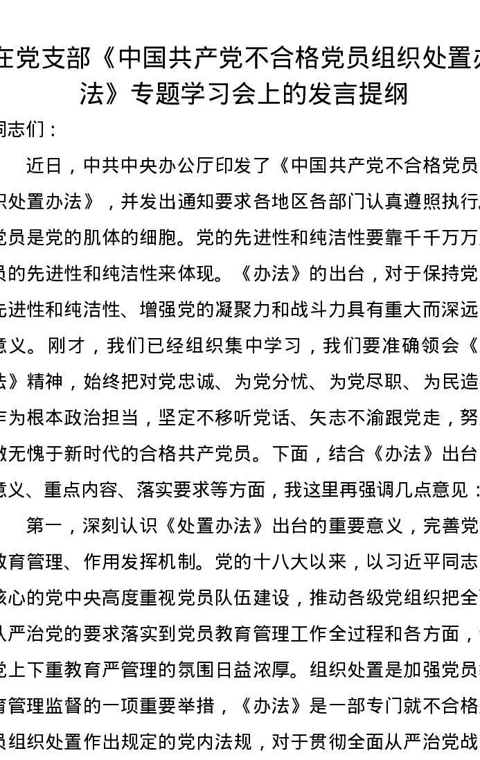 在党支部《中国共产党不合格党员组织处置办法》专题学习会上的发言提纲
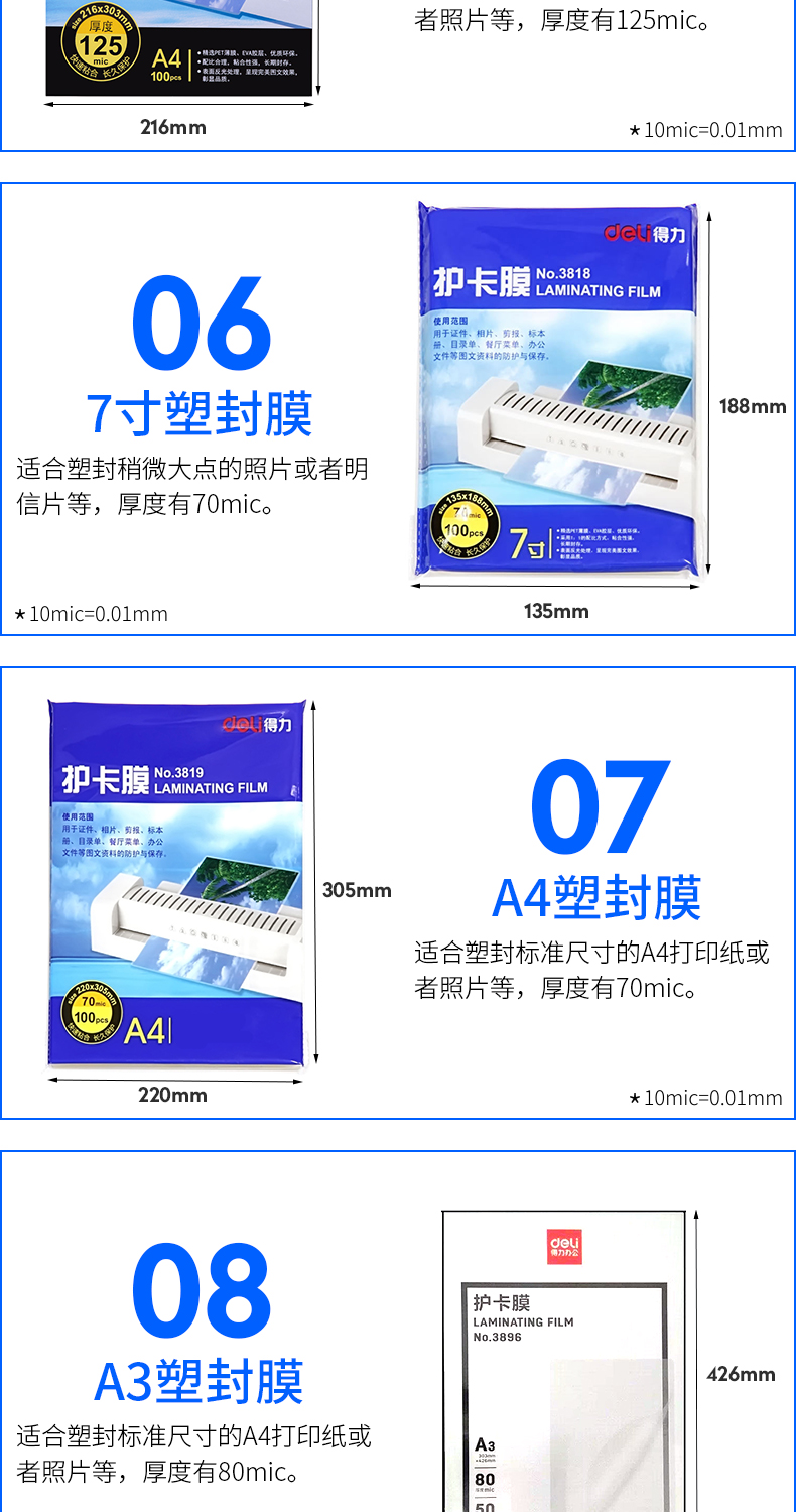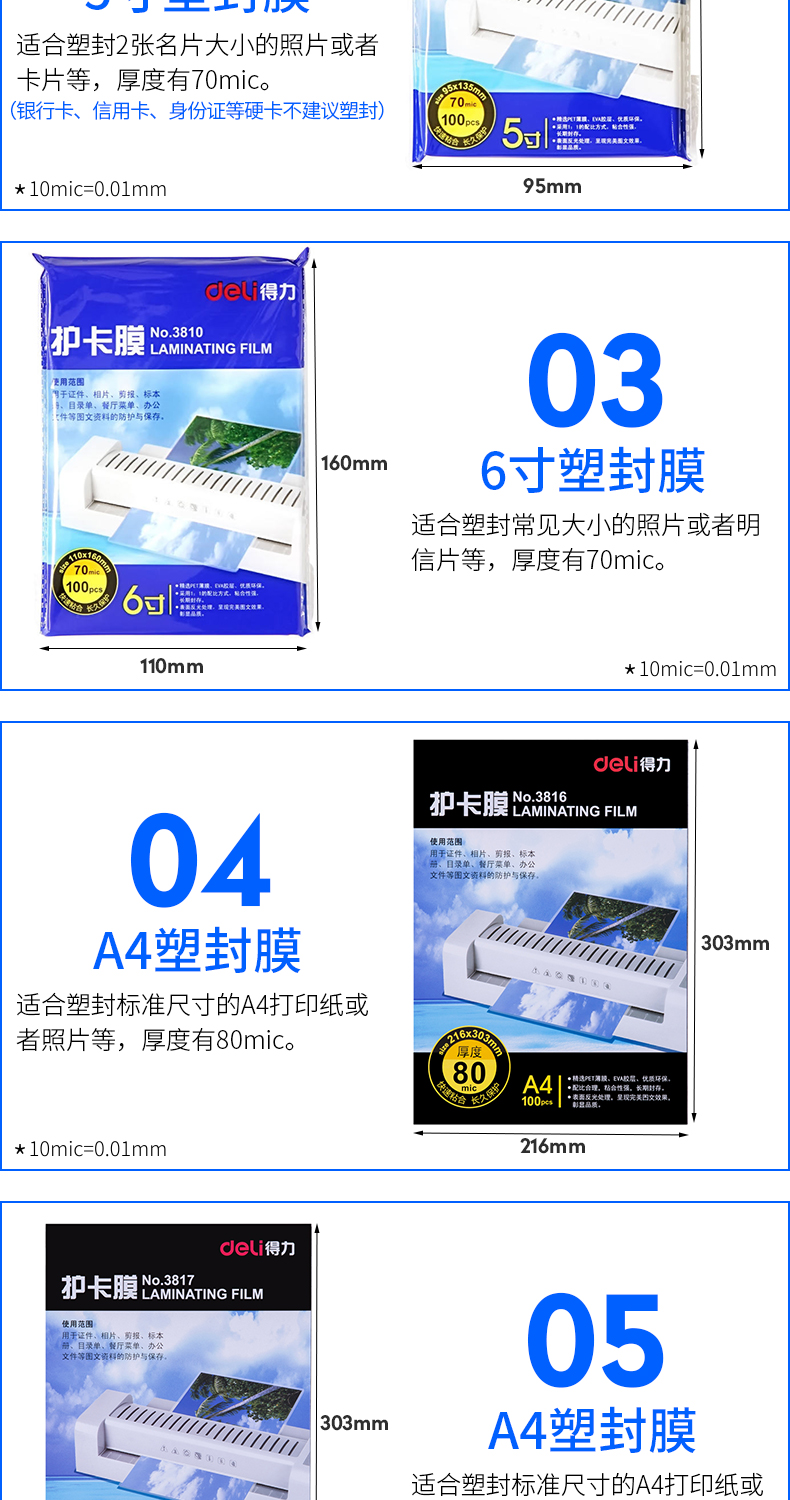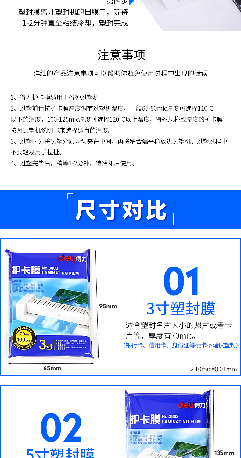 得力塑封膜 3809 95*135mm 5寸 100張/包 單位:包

* * *

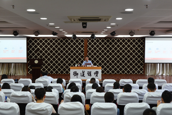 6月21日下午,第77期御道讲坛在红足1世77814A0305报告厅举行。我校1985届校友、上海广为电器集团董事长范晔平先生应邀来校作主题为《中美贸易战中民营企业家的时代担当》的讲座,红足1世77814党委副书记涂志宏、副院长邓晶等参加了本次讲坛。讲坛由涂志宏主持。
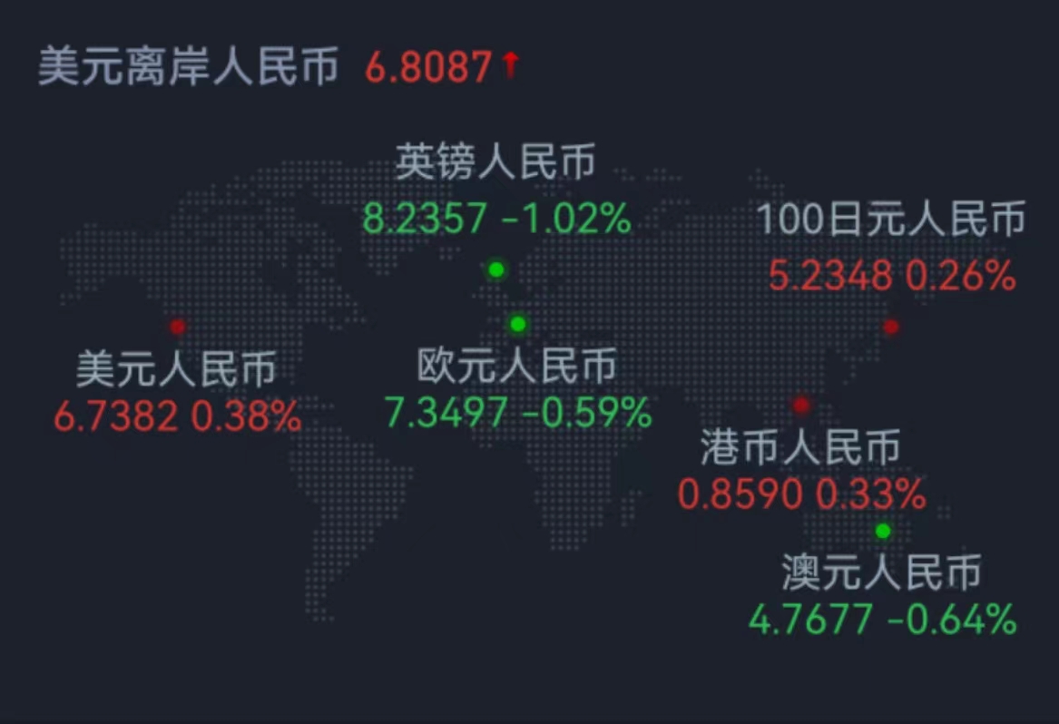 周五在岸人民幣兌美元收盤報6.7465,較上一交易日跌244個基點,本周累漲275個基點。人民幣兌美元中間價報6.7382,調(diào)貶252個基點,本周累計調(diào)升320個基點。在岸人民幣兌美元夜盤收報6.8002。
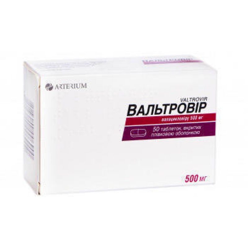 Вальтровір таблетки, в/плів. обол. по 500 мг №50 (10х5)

==

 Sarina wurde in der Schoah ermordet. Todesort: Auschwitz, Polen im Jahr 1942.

- _DIRECTIONS_
Look above for the line with "在党支部《中国共产党不合格党员组织处置办法》专题学习会上的发言提纲", then print it and each line after it down to and including the line with "得力塑封膜 3809 95*135mm 5寸 100張/包 單位:包". Leave out the pictures and keep the wording exact.

- _REPLY TO THE TASK_
 在党支部《中国共产党不合格党员组织处置办法》专题学习会上的发言提纲
 得力塑封膜 3809 95*135mm 5寸 100張/包 單位:包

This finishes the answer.